Extracted data entries

━━━━━━

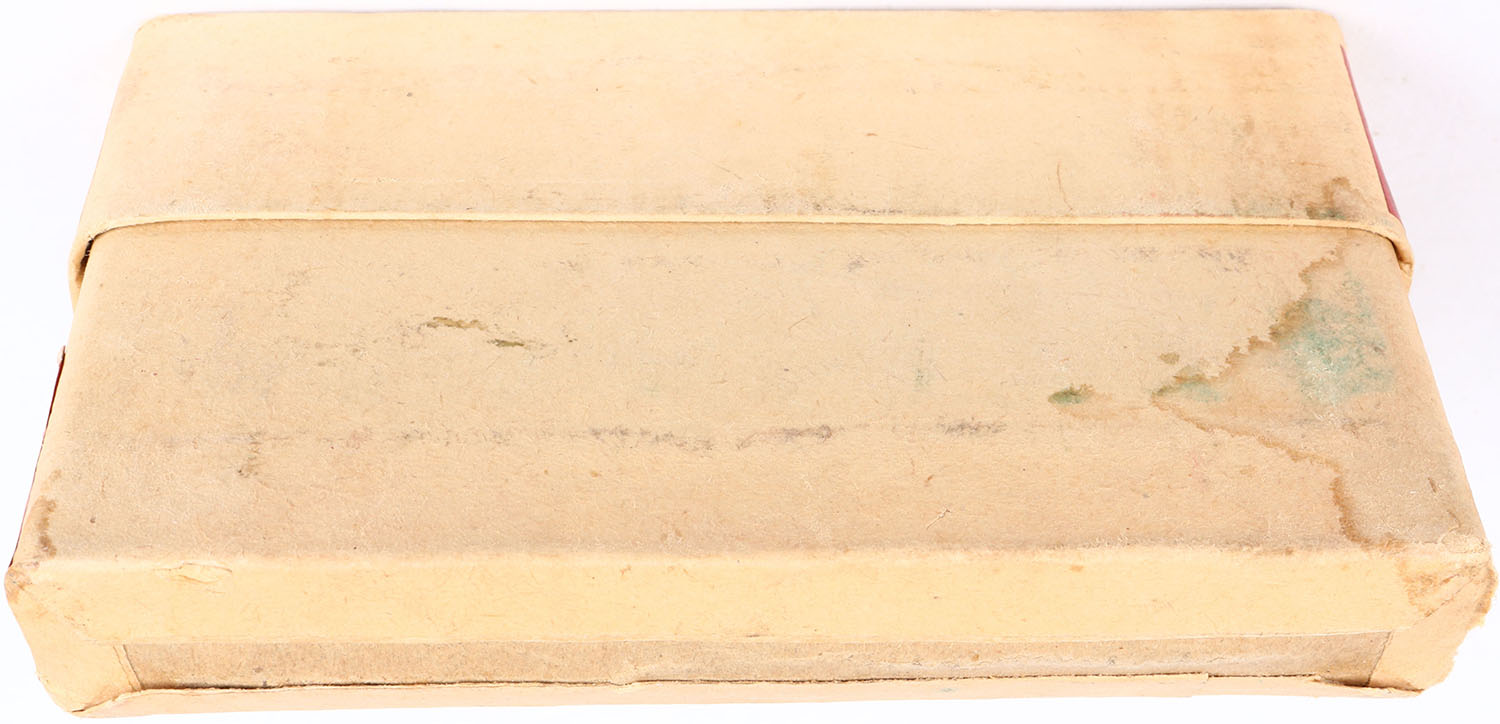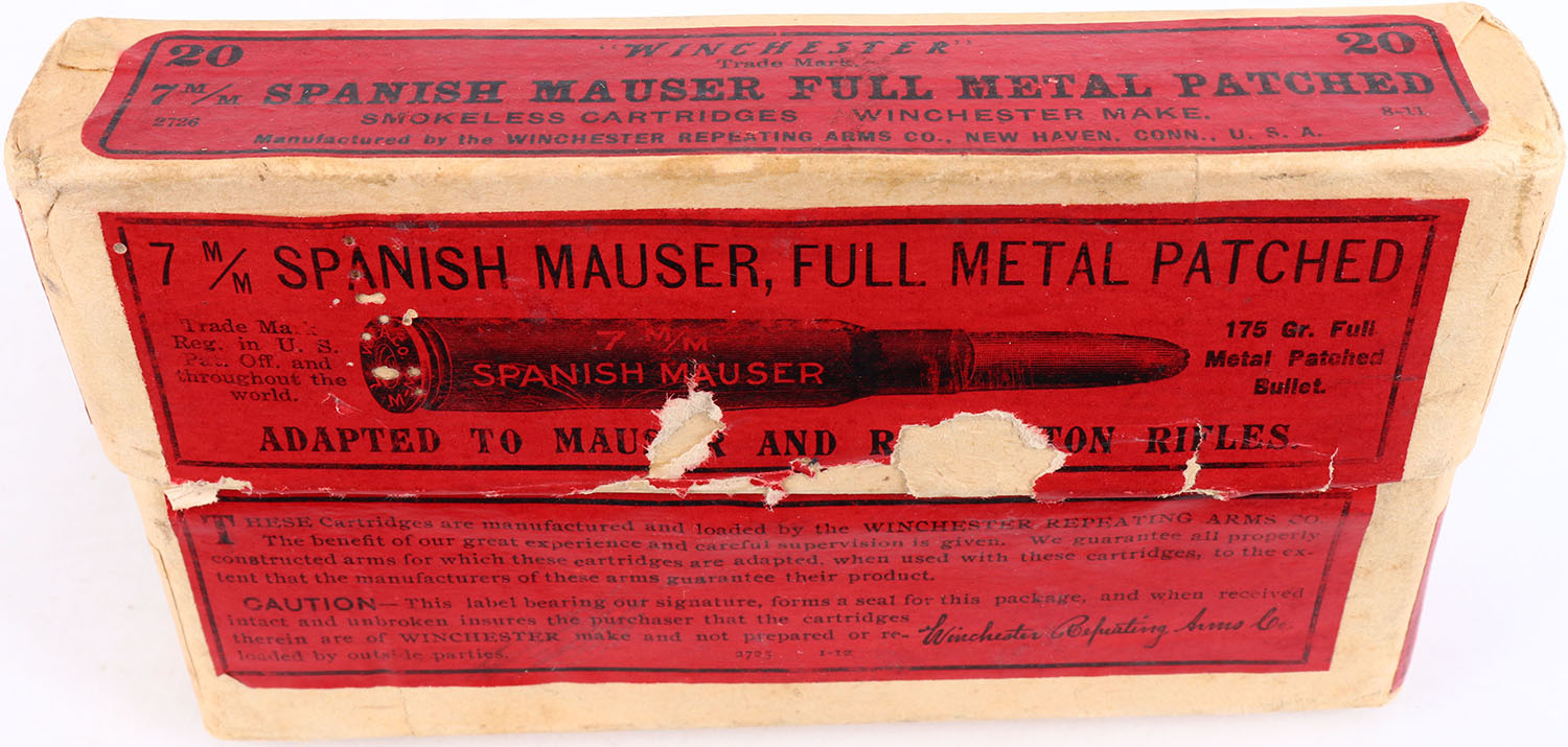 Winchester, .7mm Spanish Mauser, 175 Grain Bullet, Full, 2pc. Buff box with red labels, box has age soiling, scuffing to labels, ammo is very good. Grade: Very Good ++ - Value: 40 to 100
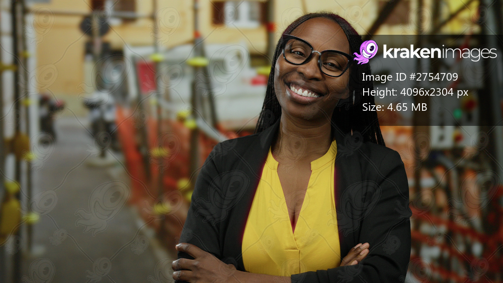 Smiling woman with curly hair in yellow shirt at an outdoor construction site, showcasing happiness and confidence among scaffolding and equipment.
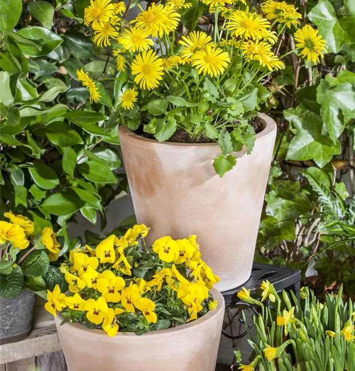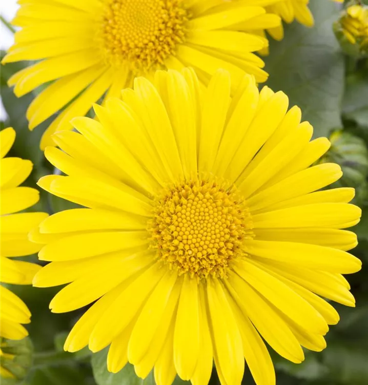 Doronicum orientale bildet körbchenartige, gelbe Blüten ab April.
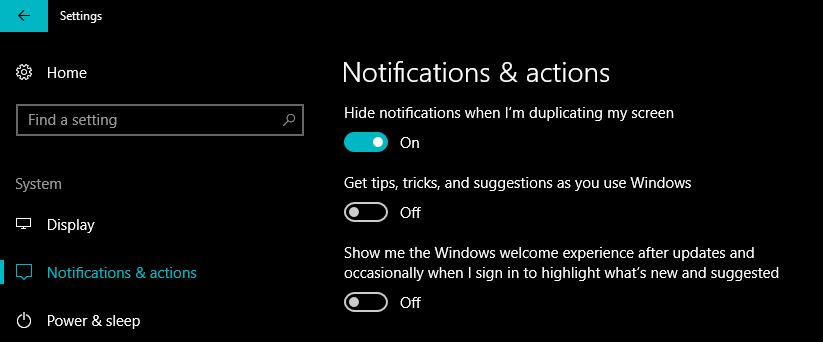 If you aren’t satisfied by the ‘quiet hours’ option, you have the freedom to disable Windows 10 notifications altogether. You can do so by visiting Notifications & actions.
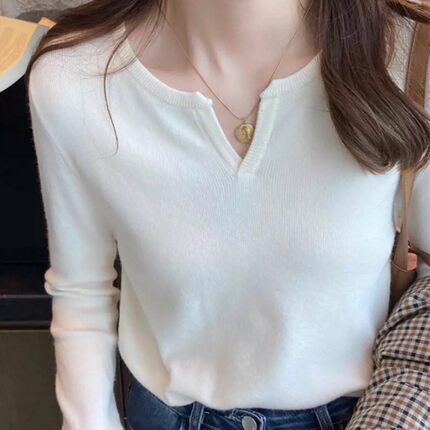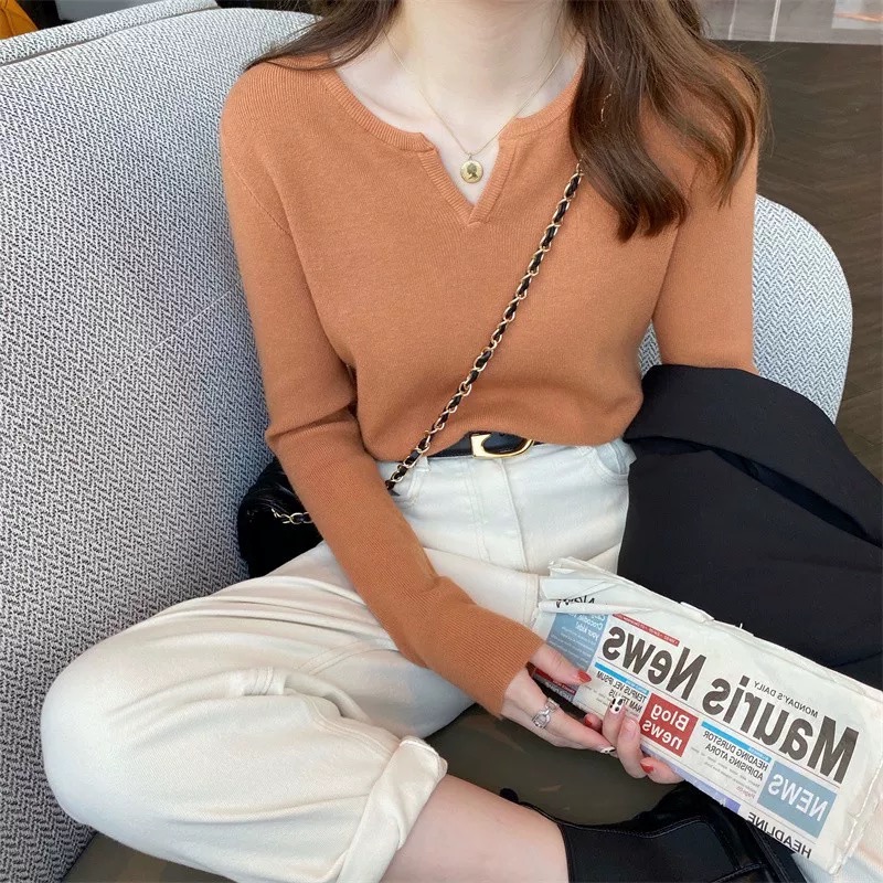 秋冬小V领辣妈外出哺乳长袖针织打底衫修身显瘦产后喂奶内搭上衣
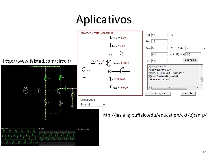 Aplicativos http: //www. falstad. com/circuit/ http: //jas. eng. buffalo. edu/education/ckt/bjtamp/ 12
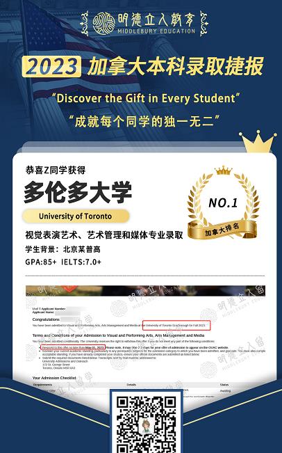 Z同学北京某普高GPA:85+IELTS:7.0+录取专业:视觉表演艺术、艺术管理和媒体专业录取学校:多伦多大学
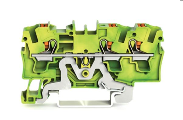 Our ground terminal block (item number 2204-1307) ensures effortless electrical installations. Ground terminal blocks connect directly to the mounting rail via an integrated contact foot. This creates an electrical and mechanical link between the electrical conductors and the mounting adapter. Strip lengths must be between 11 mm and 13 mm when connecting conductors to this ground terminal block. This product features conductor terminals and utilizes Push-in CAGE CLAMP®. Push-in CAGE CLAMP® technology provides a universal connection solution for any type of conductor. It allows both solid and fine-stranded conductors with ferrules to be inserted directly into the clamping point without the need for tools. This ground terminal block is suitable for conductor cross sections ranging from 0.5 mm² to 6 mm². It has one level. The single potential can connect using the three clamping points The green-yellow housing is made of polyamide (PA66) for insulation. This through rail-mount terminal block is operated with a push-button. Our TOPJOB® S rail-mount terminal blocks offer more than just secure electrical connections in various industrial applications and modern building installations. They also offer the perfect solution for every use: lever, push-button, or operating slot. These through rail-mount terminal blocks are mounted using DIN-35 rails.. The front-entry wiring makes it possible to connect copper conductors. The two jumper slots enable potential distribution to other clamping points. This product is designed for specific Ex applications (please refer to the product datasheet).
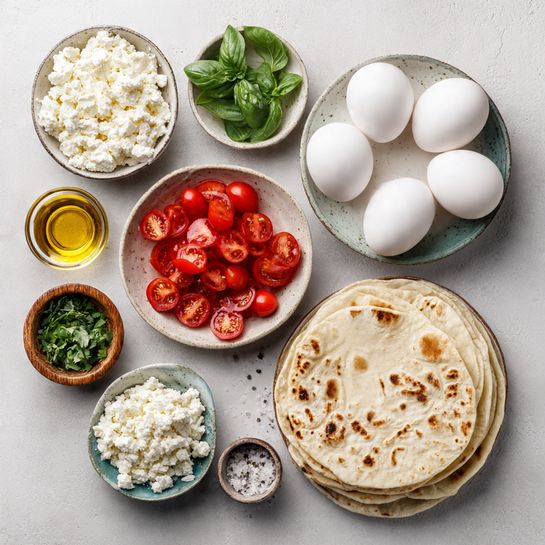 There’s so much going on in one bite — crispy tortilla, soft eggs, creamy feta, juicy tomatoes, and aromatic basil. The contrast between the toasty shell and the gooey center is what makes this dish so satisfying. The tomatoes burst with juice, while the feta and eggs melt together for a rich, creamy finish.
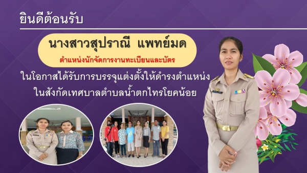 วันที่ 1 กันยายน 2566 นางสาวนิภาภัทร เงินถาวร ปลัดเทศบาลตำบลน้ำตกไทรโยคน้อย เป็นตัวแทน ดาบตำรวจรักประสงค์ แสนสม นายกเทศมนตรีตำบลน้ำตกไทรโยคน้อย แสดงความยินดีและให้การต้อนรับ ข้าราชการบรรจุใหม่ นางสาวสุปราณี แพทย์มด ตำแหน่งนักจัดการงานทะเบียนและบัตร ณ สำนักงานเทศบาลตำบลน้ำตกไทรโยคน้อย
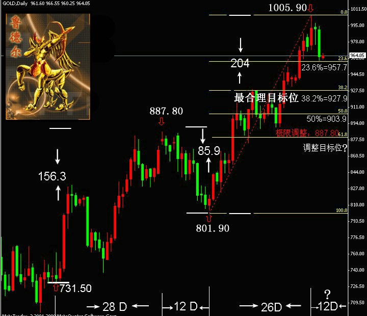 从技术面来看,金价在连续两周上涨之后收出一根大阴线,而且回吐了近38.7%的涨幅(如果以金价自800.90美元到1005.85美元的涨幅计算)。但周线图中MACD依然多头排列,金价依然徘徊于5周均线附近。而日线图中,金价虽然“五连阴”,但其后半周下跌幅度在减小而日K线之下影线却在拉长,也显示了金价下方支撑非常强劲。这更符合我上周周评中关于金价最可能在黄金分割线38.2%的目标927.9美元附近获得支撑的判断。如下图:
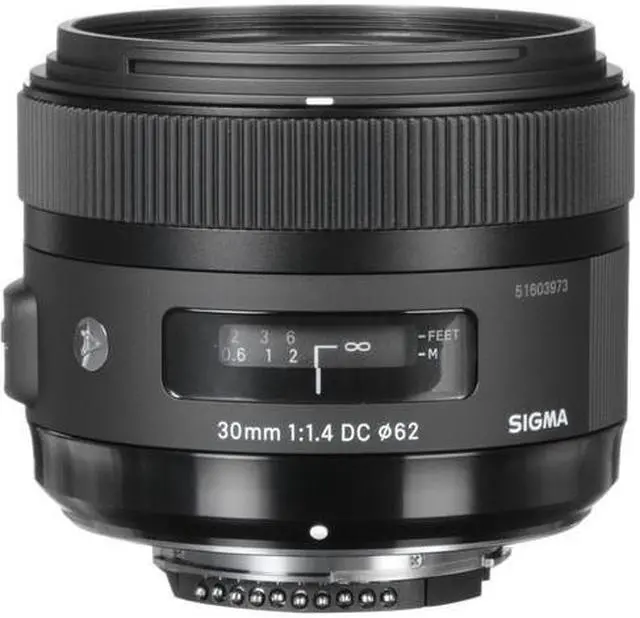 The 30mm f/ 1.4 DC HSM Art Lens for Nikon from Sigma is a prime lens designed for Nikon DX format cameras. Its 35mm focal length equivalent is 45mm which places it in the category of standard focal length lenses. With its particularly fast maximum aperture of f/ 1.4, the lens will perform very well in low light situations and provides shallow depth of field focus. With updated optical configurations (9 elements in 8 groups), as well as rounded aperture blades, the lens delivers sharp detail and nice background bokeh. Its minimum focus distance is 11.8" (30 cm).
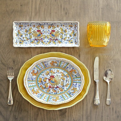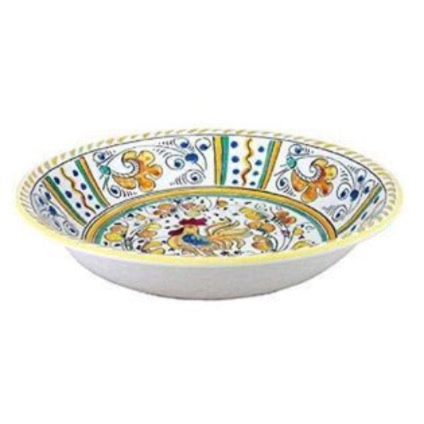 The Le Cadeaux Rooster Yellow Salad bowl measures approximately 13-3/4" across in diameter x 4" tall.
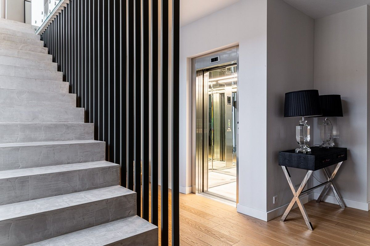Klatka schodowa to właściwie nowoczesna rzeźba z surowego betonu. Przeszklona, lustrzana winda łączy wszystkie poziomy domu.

━━━━━━

Once the pictures are set aside, what is needed is the lines from the line with "The Le Cadeaux" through the end of the data, written out exactly and alone.

 The Le Cadeaux Rooster Yellow Salad bowl measures approximately 13-3/4" across in diameter x 4" tall.
Klatka schodowa to właściwie nowoczesna rzeźba z surowego betonu. Przeszklona, lustrzana winda łączy wszystkie poziomy domu.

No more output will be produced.